If you have read my web article “The Day the Dollar Dies” you know there will be a sudden, worldwide run on the dollar if and when the tipping point is reached and the people of the world, including the people of the United States, suddenly realize that the purchasing power of the U.S. dollar is plummeting.

If and when that day arrives, I want to be able to toggle my web site over to a different currency in a matter of seconds. So if you went to buy one of my products on that day, you would see that the price was the same, at a time when all other prices in the U.S. were skyrocketing, but that the currency had been changed from U.S. dollars (USD) to Canadian dollars (CAD).

Your credit card would no longer work. Your credit card provider would cancel it in the first hours after the run on the U.S. dollar started. But your U.S. dollar debit card would still work. When you use it to buy my book, assuming I can toggle over to CAD, it will simply take from your account as many USD as it took to buy, say, $29.95 of CAD at that moment.

You will be displeased by the amount, but it should be clear because of my toggling over to CAD that I did not raise my prices; rather, the U.S. government lowered the purchasing power of its dollar. Not my fault. I am no “greedy, price-gouging” retailer—as U.S. politicians will claim all U.S. retailers are when the dollar dies.

I am just a guy who went oot and set up a way to switch to charging Canadian dollars for my products, eh?

So I have started researching how to do this. I originally thought I could just go to a control panel on my Yahoo store and change the “currency” setting from USD to CAD.

Nope.

Indeed, Yahoo store refuses to allow any currency other than USD. Part of the reason is they charge a percentage of each transaction and they can’t be bothered converting the foreign currency sale amount to USD.

When I expressed surprise that I have to use USD in this age of globalization, the Yahoo guy on the phone said the USD is the world’s most popular currency.

As you would expect if you read my recent book How to Protect Your Life Savings from Hyperinflation & Depression, 2nd edition, I exploded with laughter at that.

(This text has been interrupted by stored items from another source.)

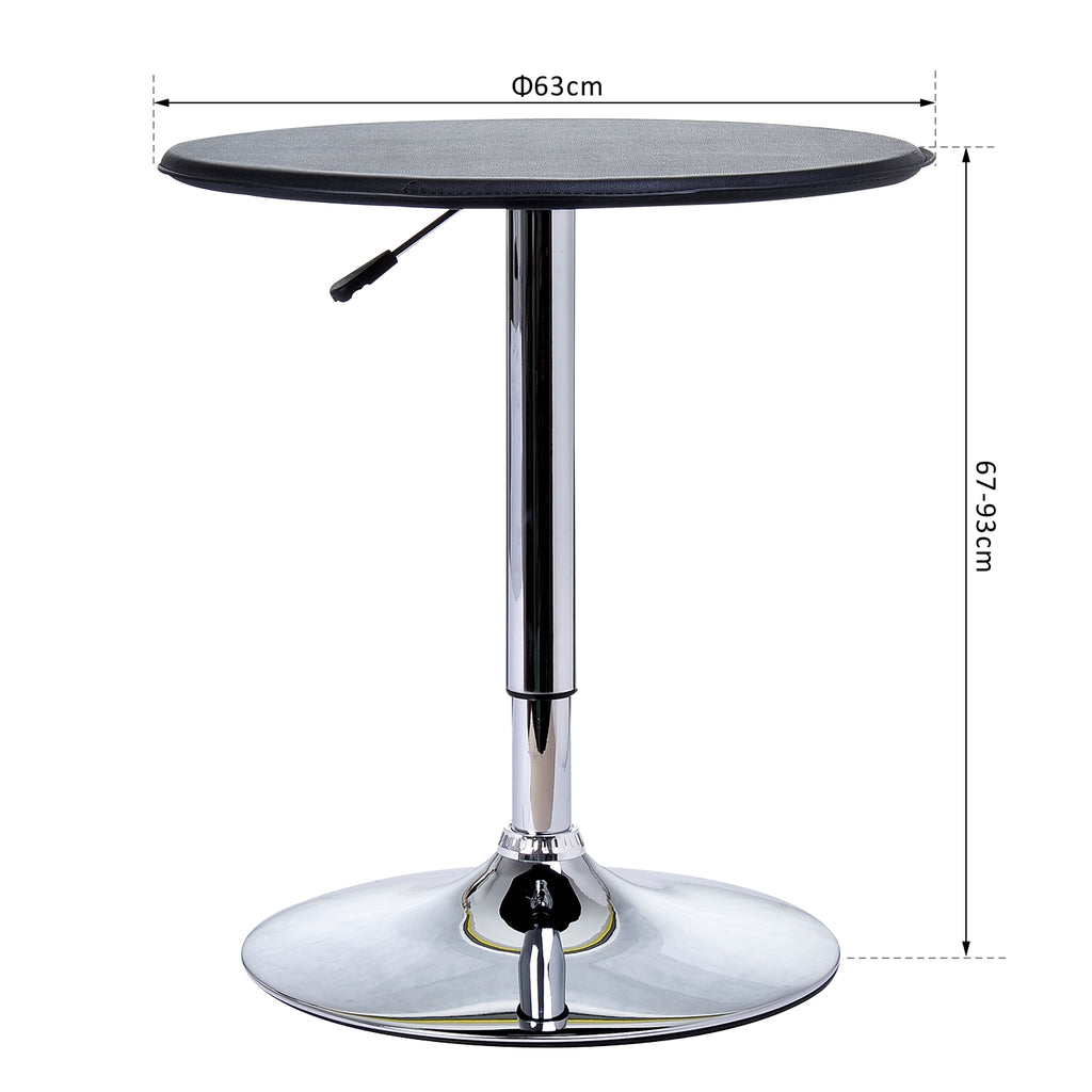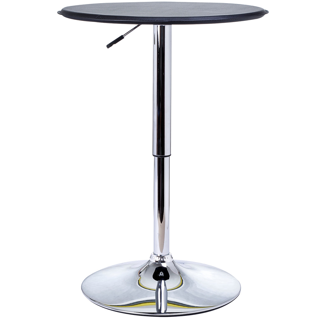 Vielseitigkeit ist das Stichwort. Dieser Stehtisch ist bequem und praktisch und die ideale Lösung für Ihre Veranstaltungen, Ihre Bar oder für Ihre Küche zu Hause. Er besticht durch sein modernes Design: Dank des verchromten Eisenfußes und der mit schwarzem PVC überzogenen Platte lässt er sich problemlos in jede Umgebung integrieren. Es wird Sie mit seiner praktischen Anwendbarkeit überzeugen: kompakte Größe und verstellbare Höhe.
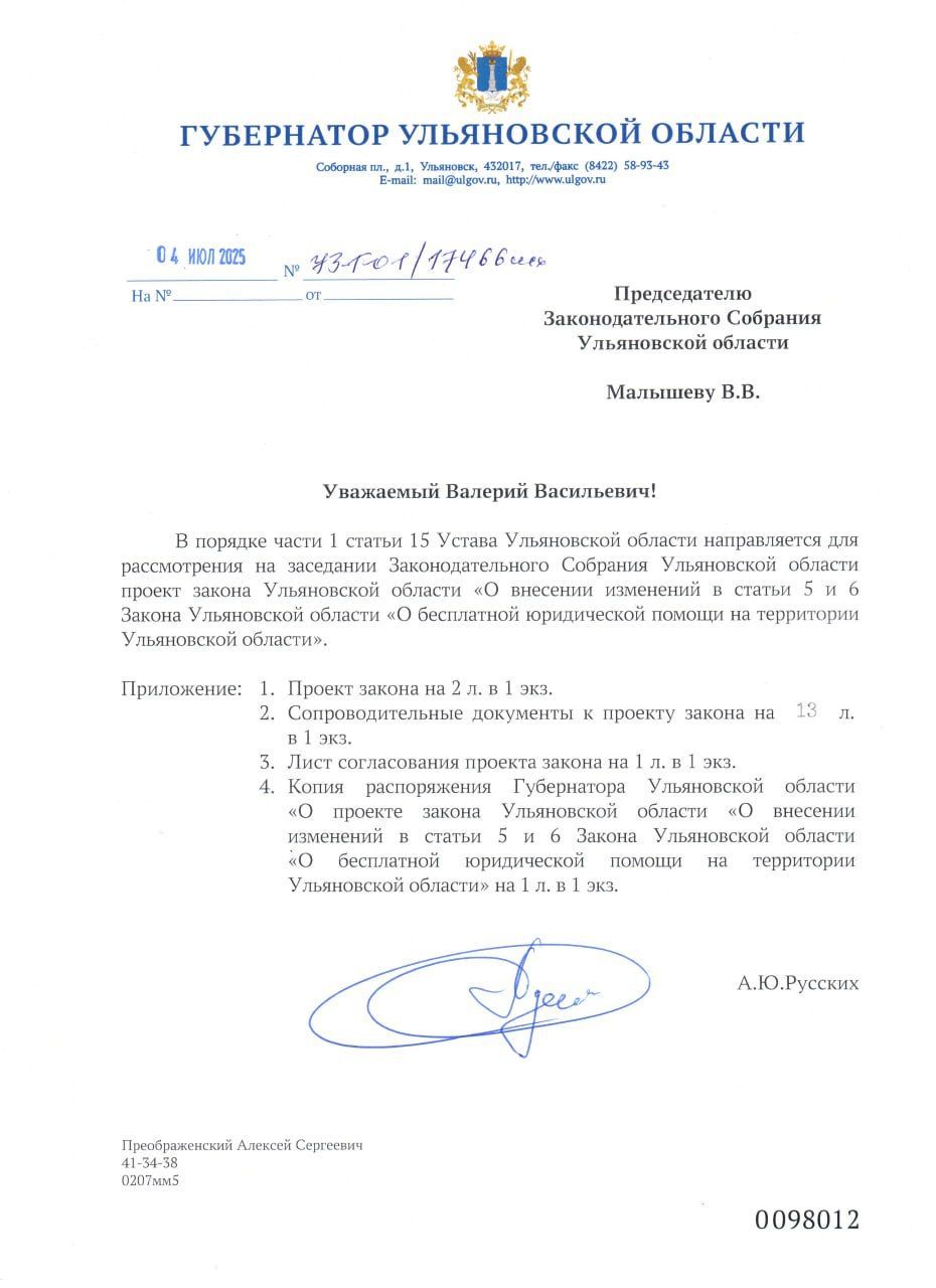 Законопроект «О внесении изменений в статьи 5 и 6 Закона Ульяновской области «О бесплатной юридической помощи на территории Ульяновской области» внесен в Законодательное Собрание Губернатором Ульяновской области Русских А.Ю. сегодня.
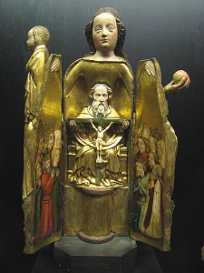 La question de la nature divine de Jésus renvoie à celle de la Paternité de Dieu. C’est à cette question que tente de répondre une série de Vierges ouvrantes abritant en leur sein une représentation de Dieu le Père tenant le Christ en croix. Le sens de ces groupes est à chercher dans les écrits d’un théologien allemand, Johannes Marienwerder, qui évoque la naissance de Jésus par le Père sans la Mère et par la Mère sans le Père (si Jésus est le fils de Dieu, il n’a pas de mère, s’il est le fils de Marie, il n’a pas de père, s’il est Dieu, il n’a ni père ni mère). C’est donc bien la paternité, ainsi que la maternité, qui sont au cœur de la réflexion qui a présidé à la réalisation des ces œuvres.
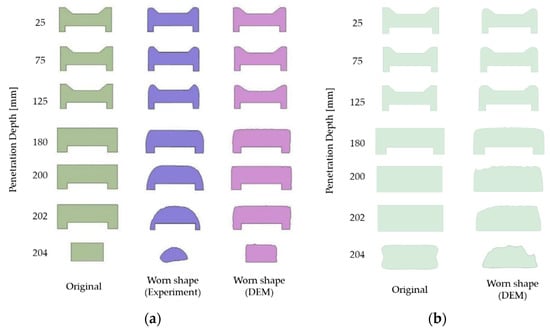 Comparison of wear shape: (a) reference study []; (b) present study.
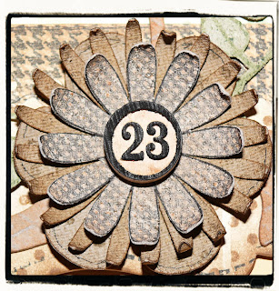 To make the flower i stamped the largest of the flower power and the 2 largest of the flower fever sets onto grungepaper, I roughly cut round each one, gave it some brushed corduroy ink, then stamped with a different background, I used dots & gingham, but the possibilities for these are endless. I cut each one out and curled the edges. {I did the foliage in the same way, stamp, ink, cut out.}
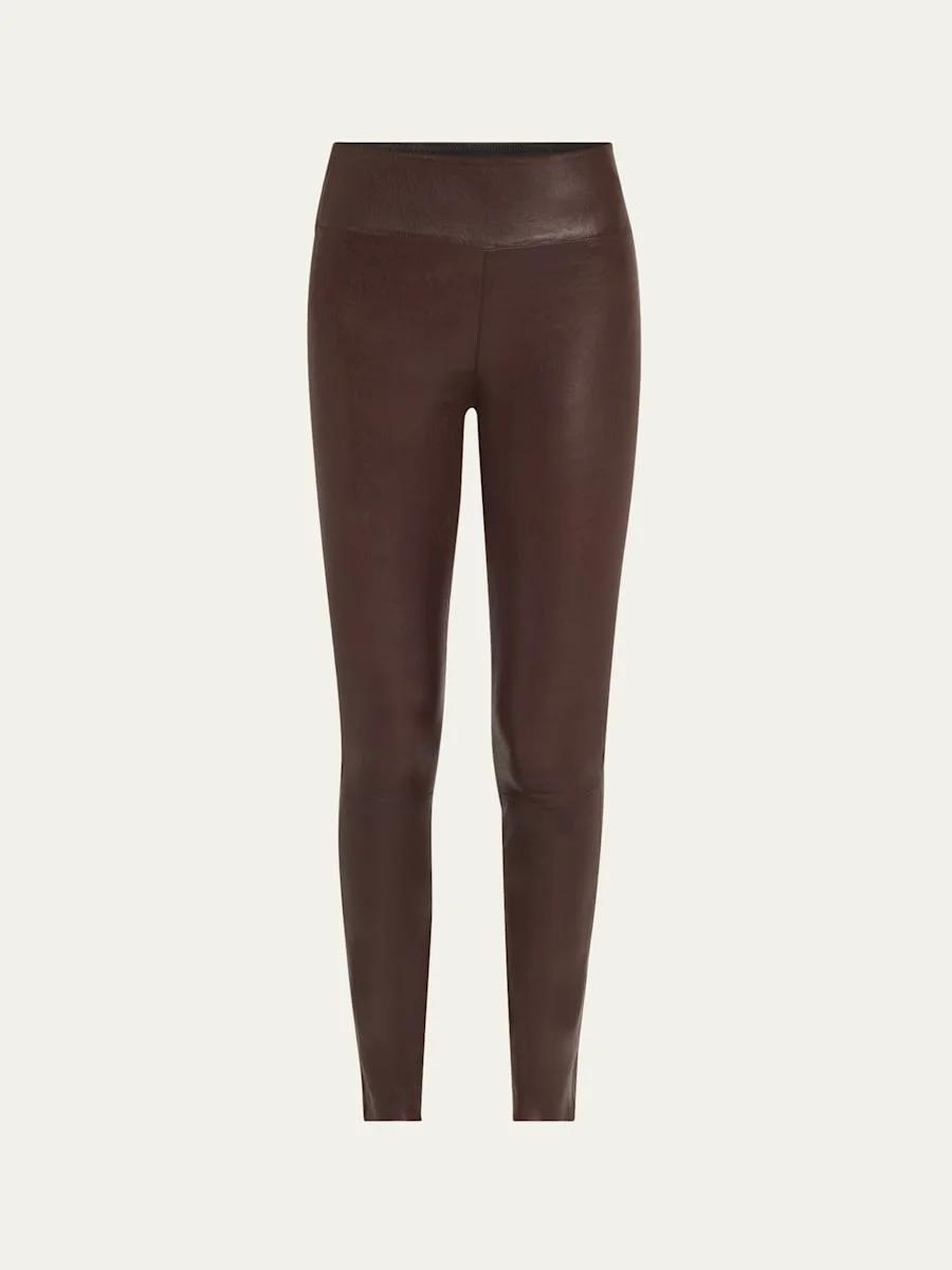 SPRWMN leather ankle legging. Inseam, approx. 28". High waist with wide elastic. Second-skin fit. Pull-on style. Leather. Specialist clean Made in USA of imported material. Model is 5'10"/177cm. Online Inquiries: BGS21_TY9NA| Store Inquiries: #2714161
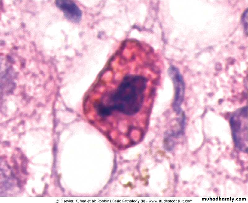 Cellular cholesterol metabolism is tightly regulated to ensure normal cell membrane synthesis without significant intracellular accumulation. However, phagocytic cell may become overloaded with lipid ( triglycerides, cholesterol and cholesteryl esters) in several different pathologic processesMacrophage in contact with lipid debris of necrotic cells or abnormal (e.g. oxidized) form of lipoproteins may become stuffed with phagocytosed lipid. These macrophages may be filled with minutes, membrane bound vacuoles of lipid, imparting a foamy appearance to their cytoplasm (foam cells).
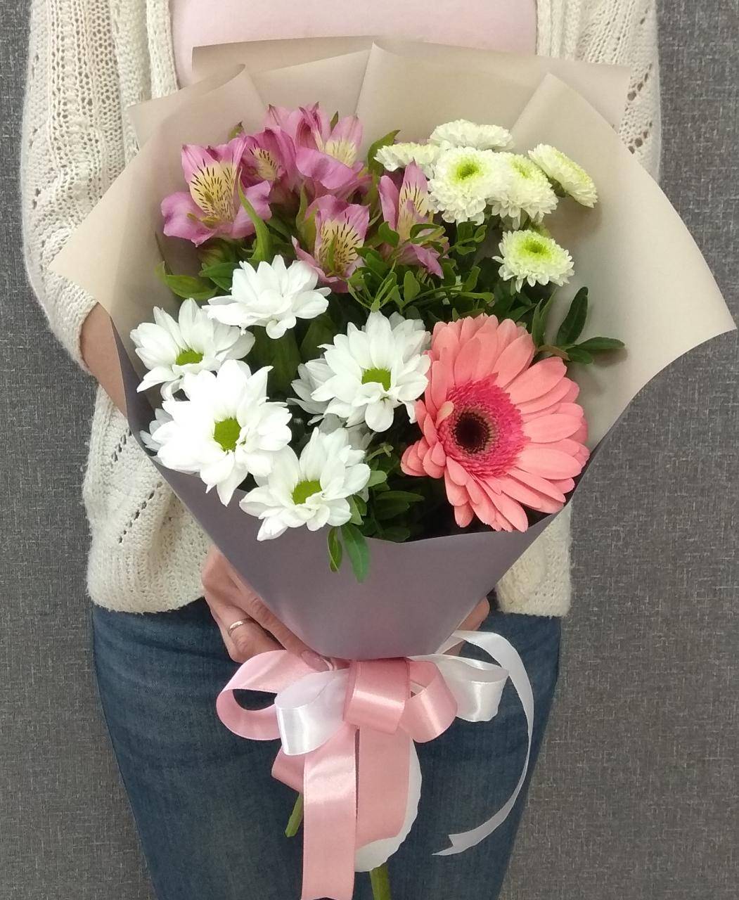 Небольшой, но милый букет из герберы, 2 кустовых хризантем, альстромерии и зелени.
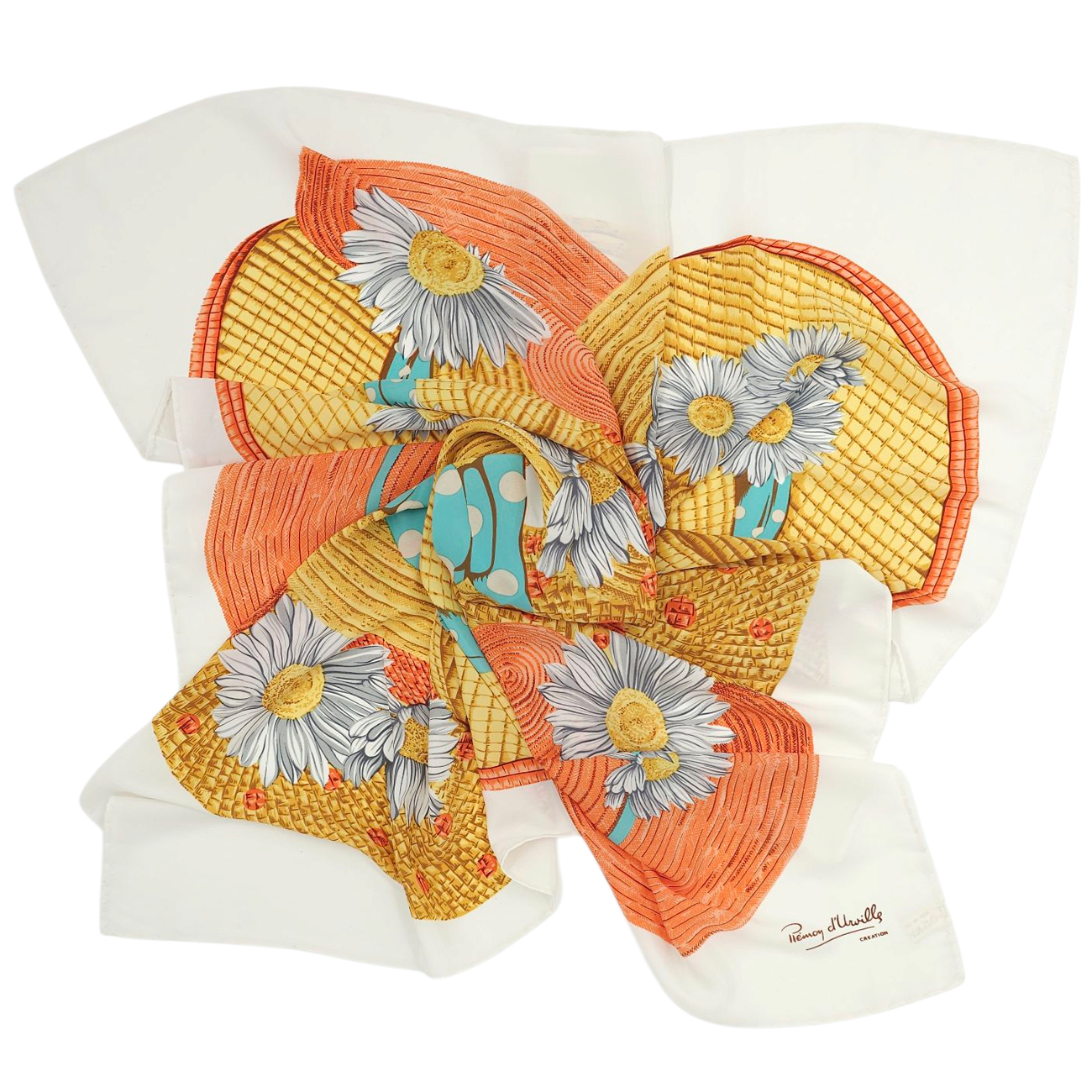 Λευκή μεταξωτή τετράγωνη μαντήλα με μεγάλα κίτρινα ψάθινα καπέλα και λευκά λουλούδια
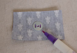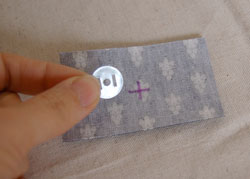 2.取り付け位置に印をつける ここでは、分かり易いように大きく十字に印をつけていますが、目打ちで中心に一刺しするだけで十分です。 写真では接着芯が不要なビニールコーティング生地を使用しています。布帛を使用する場合は、取り付ける生地の裏に厚手の接着芯を貼って補強してください。 |
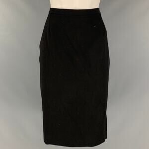 in a black woven fabric featuring a parka style, multiple utilitarian zip pockets, and button closure. Good Pre-Owned Condition. Moderate discoloration, as is.

Yeah, and it’s going to be the least popular currency on earth about an hour after the run on the dollar starts.

Someone needs to tell Marissa Mayer and the other boy and girl geniuses at Yahoo that if I need to toggle over to CAD or other non-US currencies on the day the dollar dies, Yahoo and companies like them REALLY need to toggle over. If your business or the company that you work for can only charge USD, and the USD dies, you and your company will die financially. On the day the dollar dies, Yahoo will die if its merchants can only charge USD. And so will all similarly-situated companies.

But, hey, I am just a mouse trying to avoid being stepped on in a room full of panicky elephants writing books for my fellow mice. Yahoo won’t let me toggle over to CAD, so I need to find someone who will or set up a second non-Yahoo store that can do that. Yahoo will be one of the panicky elephants if and when this happens, along with the U.S. government.

PayPal seems highly international. As is their parent company eBay. But I am not sure they are the best alternative. However, at the moment, they seem to be the only alternative I have figured out. In the room full of panicky elephants, the non-best alternative, like the one-eyed man in the land of the blind, may be king.